Sa marque de fabrique, c’est justement son association tissus à motifs et cuir récupéré sur des fringues. Elle privilégie ainsi le recyclage et aime l’idée de pouvoir donner une seconde vie aux vêtements : « On aime beaucoup faire les braderies avec mon mari. On a très peu de choses neuves chez nous. À quoi ça sert de consommer à outrance ? Quand on en a trop, on revend. Ma démarche dans ma création, je l’explique quand je fais les marchés de créateurs/trices. Je mets une pancarte avec des photos des différentes étapes de fabrication. »
À RECYCLER
La récup’, c’est dans l’ère du temps, comme le dit Anne-Cécile Le Guevel. Surtout quand l’activité se veut déjà du système Débrouille, avec un atelier à domicile et la création d’une boutique en ligne, faisant avec les moyens et techniques du bord. Même si aujourd’hui, les formations et ateliers concernant la communication via les réseaux sociaux et l’investissement du temps passé à actualiser sa boutique en ligne, se développent de plus en plus.
Ainsi, les quatre artisanes rencontrées utilisent toutes dans leurs créations des objets ou matériaux ayant déjà vécu. Elsa Chaderat réutilise fils de fer et journaux pour établir la base et les cheveux de ces Demoiselles et leur recouvrir le corps et les hanches avant de construire les robes en papier mâché, qu’elle peindra ensuite pour les rendre blanches. « En hiver, je les fais sécher sur le poêle, c’est très pratique. », dit-elle d’un air malicieux.
Travailler avec ce que l’on a sous la main est aussi judicieux pour économiser que pour se renouveler. Friande de nouvelles matières, Elisabeth De Abreu aime varier les supports et les pièces qu’elle utilise. Ainsi, quand elle aperçoit près de chez elle une vitre d’abribus brisée en mille éclats de verre, elle n’hésite pas à s’en saisir, tout comme la vieille vaisselle qu’il suffit de briser pour s’en servir de substrat.

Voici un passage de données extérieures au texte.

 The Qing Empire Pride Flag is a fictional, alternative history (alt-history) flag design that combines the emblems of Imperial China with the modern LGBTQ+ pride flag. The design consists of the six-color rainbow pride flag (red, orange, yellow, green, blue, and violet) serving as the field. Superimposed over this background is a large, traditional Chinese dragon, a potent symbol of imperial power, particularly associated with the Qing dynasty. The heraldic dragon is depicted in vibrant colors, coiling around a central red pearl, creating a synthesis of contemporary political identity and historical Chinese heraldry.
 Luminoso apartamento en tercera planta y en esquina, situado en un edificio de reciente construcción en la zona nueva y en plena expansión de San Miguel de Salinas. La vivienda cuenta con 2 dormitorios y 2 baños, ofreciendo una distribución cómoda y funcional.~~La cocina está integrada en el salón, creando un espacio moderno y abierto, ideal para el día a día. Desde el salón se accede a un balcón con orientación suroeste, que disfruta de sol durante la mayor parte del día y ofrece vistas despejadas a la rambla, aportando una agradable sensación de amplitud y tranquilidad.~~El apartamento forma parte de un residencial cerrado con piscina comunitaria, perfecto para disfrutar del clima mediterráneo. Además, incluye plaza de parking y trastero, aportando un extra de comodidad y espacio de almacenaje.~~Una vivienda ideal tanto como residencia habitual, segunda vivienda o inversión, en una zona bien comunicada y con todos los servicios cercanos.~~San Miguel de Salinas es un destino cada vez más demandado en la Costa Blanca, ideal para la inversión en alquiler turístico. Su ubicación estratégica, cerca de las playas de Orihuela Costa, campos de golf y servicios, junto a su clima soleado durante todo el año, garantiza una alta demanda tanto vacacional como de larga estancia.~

« En se baladant sur la plage, on peut trouver plein de choses ! Avec les enfants, on s’amuse beaucoup avec les coquillages, les coraux (uniquement ramassés sur la plage), mais aussi les capsules de café, de sodas ou même des graines. », énumère-t-elle, en farfouillant les étagères d’un placard qui recèle de créations faites en ateliers. Les graines naturelles sont également utilisées sur certains bijoux de Sonia Driot. Tout comme les plumes ramassées, avec autorisation des agents municipaux, par la jeune femme dans la volière du parc du Thabor.

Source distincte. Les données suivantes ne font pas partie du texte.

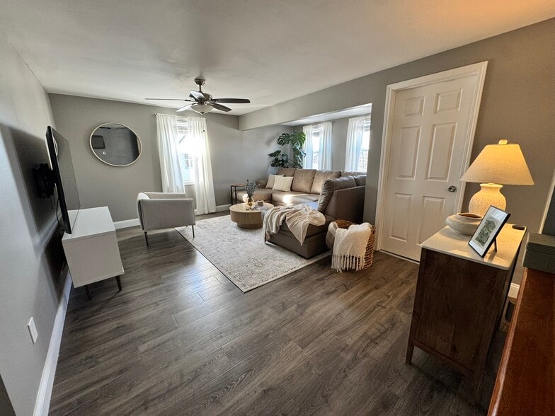 Both bedrooms are generously sized with good natural light and closet space. The bathroom has been nicely updated with modern finishes, giving it a clean and refreshed look.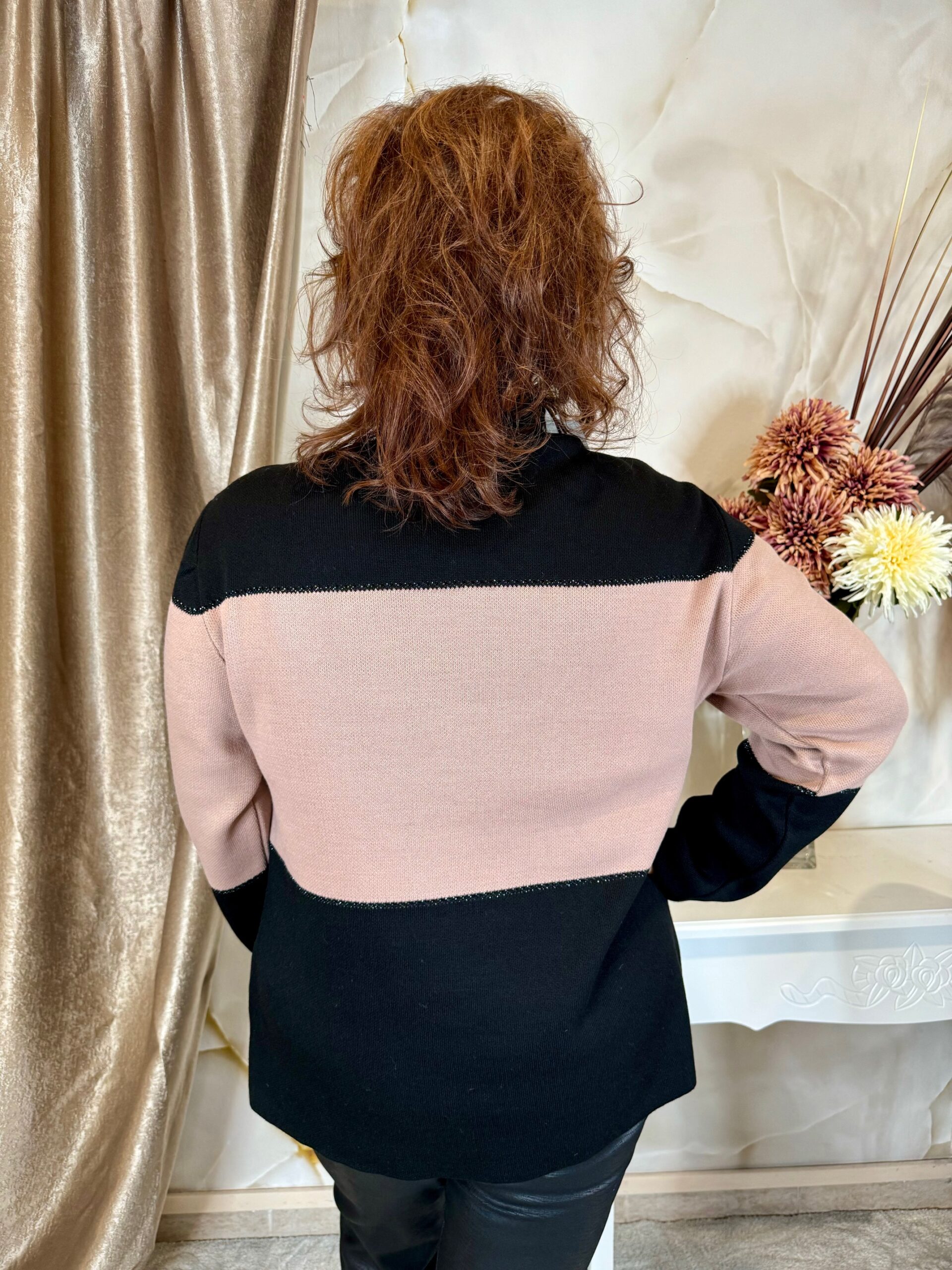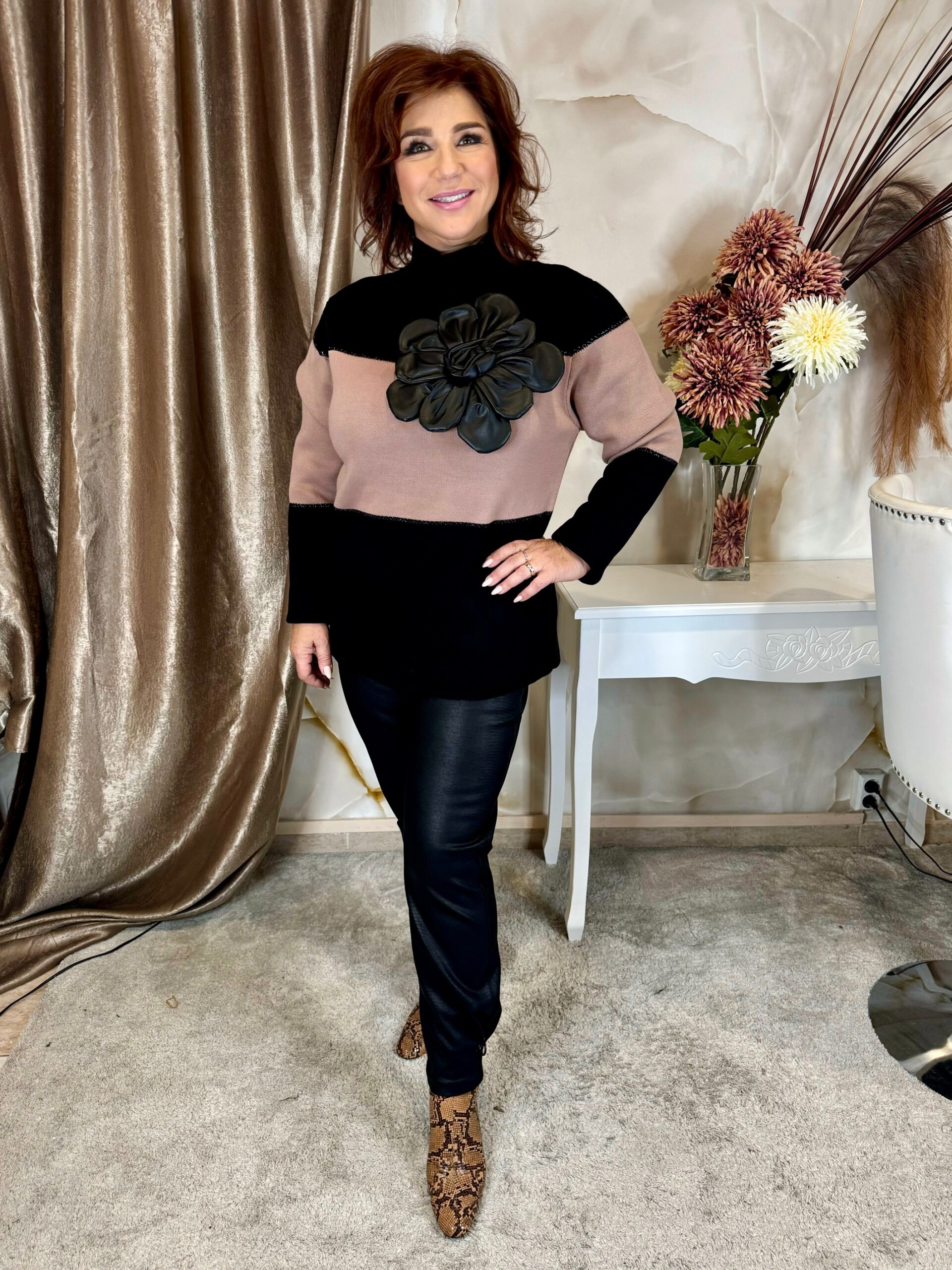 2024.11.20.Csinos kötött pulcsi bőrvirággal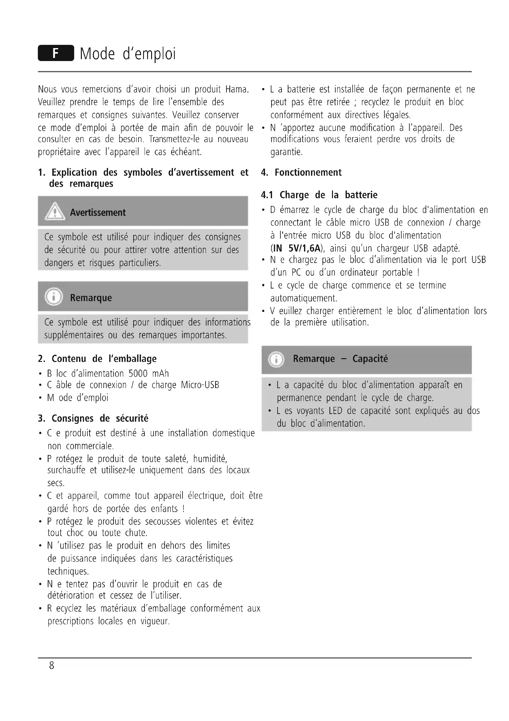 - Veuillez charger entièrement le bloc d‘alimentation lors de la première utilisation. Remarque – Capacité
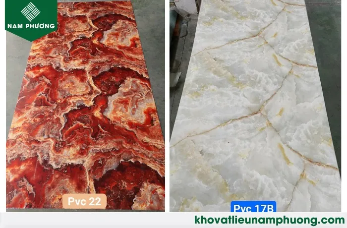 - Tấm ốp PVC: Thường có độ dày từ 2mm đến 5mm, với kích thước lớn, được sản xuất từ hạt nhựa PVC nguyên sinh kết hợp phụ gia. Các tấm này có thể mô phỏng nhiều vật liệu khác như gỗ, đá, bê tông, hoặc có các họa tiết trang trí.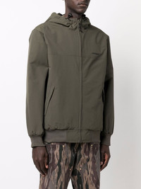hooded bomber jacket army green drawstring hood front zip fastening long raglan sleeves embroidered logo at the chest front zip fastening pockets ribbed hem Imported Composition Outer: Polyamide 100% Lining: Polyester 100%, Nylon 100% SIZE & FIT Model measurements Height 6 ft 2 in(1.87 m) Bust/Chest 36.41 in(92.5 cm) Hips 37 in(94 cm) Waist 29.52 in(75 cm) Washing instructions Machine Wash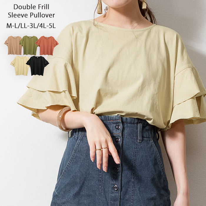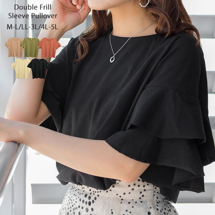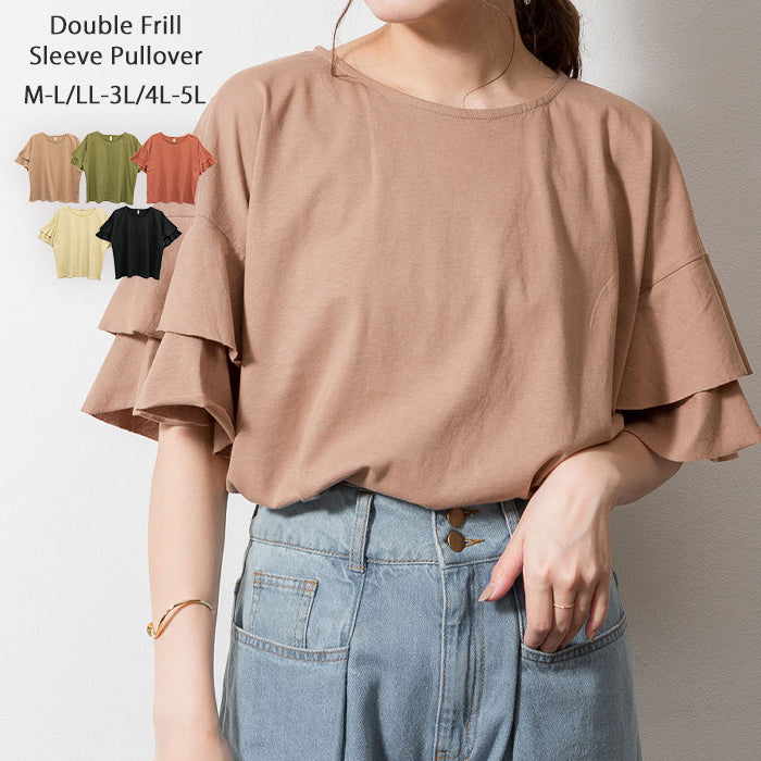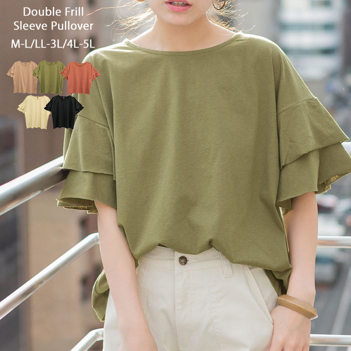 二の腕を可愛くしっかりカバーしてくれるダブルフリルスリーブプルオーバー

« Au départ, j’avais pensé à faire quelque chose 100% naturel et récup’. Ça m’a fait me pencher vers la réutilisation de briques de lait et de jus de fruit pour faire des porte-monnaies. Puis, j’ai commencé à faire des bijoux, et là aussi j’avais pensé à faire quelque chose avec des bouts de bois mais j’ai vu qu’il y avait encore trop de réticences du côté du public à acheter des créations entièrement fabriquées en récup’ »
souligne Sonia.
Le savoir-faire des matières s’allie alors à la créativité des artisanes, qui font également preuve d’imagination pour mêler matériaux et objets de récupération. Leurs parcours témoignent, non seulement de la diversité des profils, mais aussi des ressources nécessaires et indispensables au secteur de l’artisanat, qui invoque aujourd’hui amour de la pièce unique, de la minutie, de la rencontre et du rapport humain, et consommation alternative et moderne.